午前様を過ぎても仕事をしていた当時の職場からほど近いところにすかいらーくがあった。
仕事の帰りにみんなで遅い夕飯を食べによく言ったもので、ご飯を食べながらあそこの縫い方はこうだ、工程はこっちの方がいいんじゃないか? などなど、結局朝方まで飽きずにしゃべり通して家路につく生活をしていた。
1日の大半を仕事に費やして、土日も休みなく働く毎日。それでもとても楽しい日々だった。
若いから体力もあったし、何より縫うことが際限なくできる環境がたまらなく楽しかったのだ。

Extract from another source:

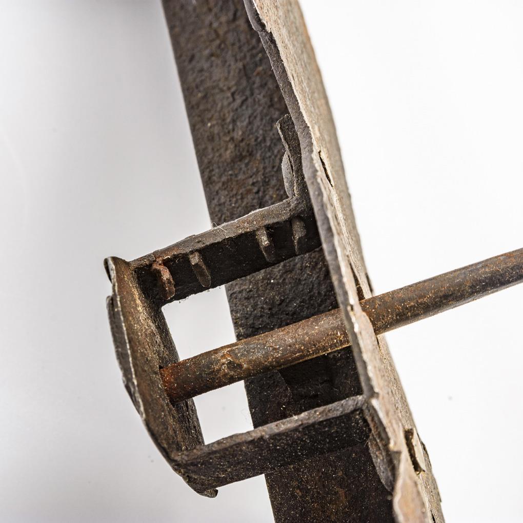Schmiedeeisen. L Schloss 29 cm, Dornmaß 14,5 cm, L Schlüssel maximal 31 cm.

そんな生活も2年が過ぎた頃、自分で仕事を取ってこいと言われた。 寝耳に水だった。
自分は単なる縫い子で誘われたと思っていたし、実際営業なんてやったこともない。
知り合いから多少お仕事を頼まれたりしてはいたが、食べていける量には程遠かった。
さらにこんなことも言われた。
こちらからは仕事を出さないから、自分で取ってきて自分で仕事を回せ。こっちはこっちでやるから、そっちも自分で。
ミシン場と裁断台は自由に使っていいから。
私に選択肢はなかった。
幸い大口の仕事を頼まれたりして、仕事はめいいっぱい入っていった。
ちょうど徹夜の仕事がしんどくなり始めていたり(元々体が丈夫でない上に今まで徹夜なぞしたこたがない)したこともあり、お互い別々で作業していた。
裁断第1台、ミシン3台の場所。こちらは一人。あちらは3人。
当然サンプルの時期はバッティングするから、あちらの使っていない隙に裁断台を使わせてもらう。
私は早朝裁断することにして早々に帰ることにしていた。
そんな時、朝来てみたら私が使っているミシンのところだけ掃除されていなかった。一目でわかるように。
使おうと思っていた裁断台も、すでにあちらが使っていた。
4人で使っている小さな部屋で、私以外の3人で打ち合わせ(私は別働隊なので声もかけられず)。
私以外の3人で組み立てた作業日程には、私の入る隙はなかったのだ。
その時、プツッと何かが切れた。
仕事場に向かおうとすると動悸がしてくる。足が重く、前に進めない。
仕事を家に持ち帰るようになり、仕事場に顔を出せなくなった。
もうだめだ。おかしくなる寸前だった。
自分だけの仕事場を作ろう。
そうして自宅に作業場を作れるところに越したのだ。
あの頃のことを思い出すと、今でも鬱々な気分に押しつぶされそうになるが、それでも食事をしながら朝までいたファミレスの思い出だけは、宝物だと思える。
そのファミレスもとうとう24時間で無くなる。時代か。
ファミレス午前3時 稲葉浩志氏の名作。 是非聞いてみてください。